#### Work to complete:
From the first line of the entries below through the line holding "Набухание зерен фасоли", write out every line exactly, please, and leave out the pictures.

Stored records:
——
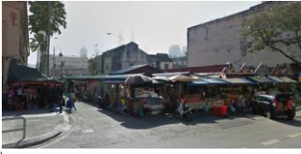
チョーキットの屋台 果物が安く売っている
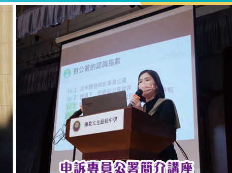
申訴專員公署簡介講座
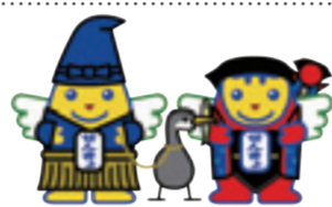
明るい選挙イメージキャラクター 鶴岡めいすいくん、さるぼほめいすいくん
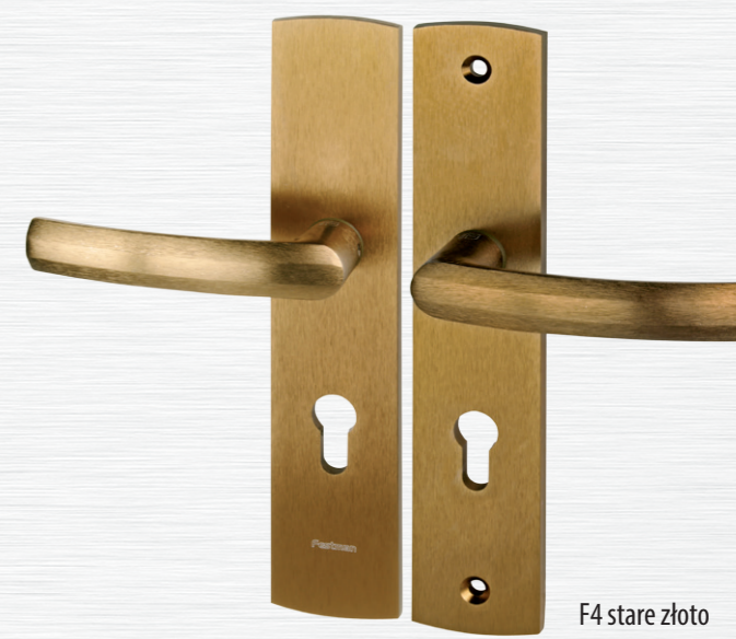
F4 stare złoto
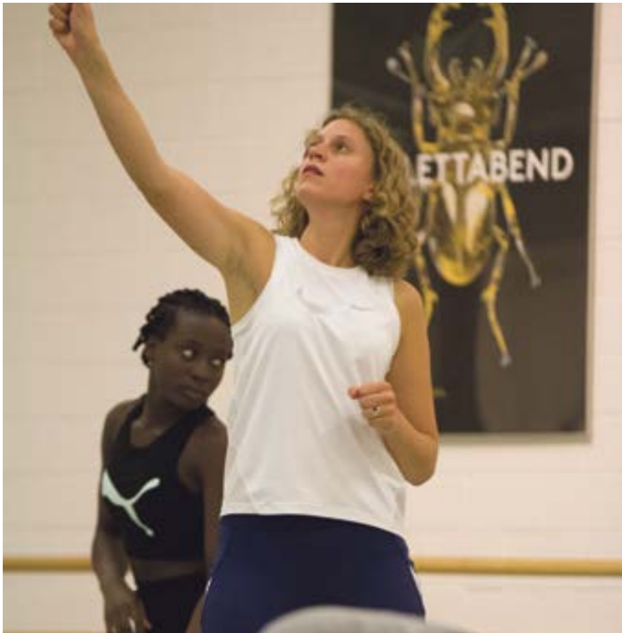
Experimentieren mit Bewegung: Teilnehmerinnen am Open Space Tanz.
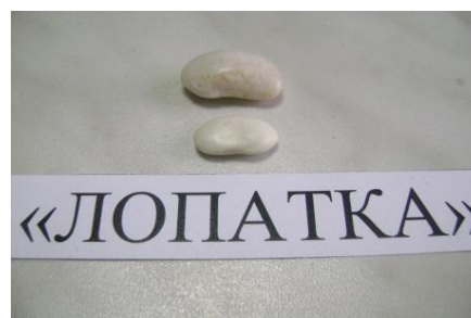
Набухание зерен фасоли

Замачивание можно считать законченным, когда масса бобовых увеличится вдвое. Для определения количества поглощаемой воды во время замачивания были проведены три опыта с каждым из образцов рис. 1. Весь процесс замачивания зерен фасоли проводили при комнатной температуре (около 20-25 °С) [2].
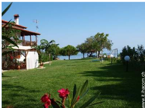
Residenza di Charme
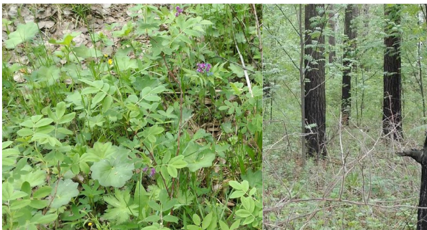
Горельник 4-летней давности, С. ртр., ПП 5С/21 A fire-damaged forest area 4 years ago, mixed-grass pine, SP 5C/21
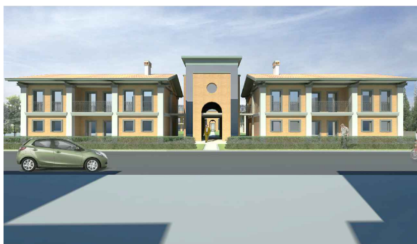
Vista lato Sud
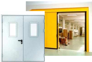
Противопожарные двери и ворота
——
#### Answer:
チョーキットの屋台 果物が安く売っている
申訴專員公署簡介講座
明るい選挙イメージキャラクター 鶴岡めいすいくん、さるぼほめいすいくん
F4 stare złoto
Experimentieren mit Bewegung: Teilnehmerinnen am Open Space Tanz.
Набухание зерен фасоли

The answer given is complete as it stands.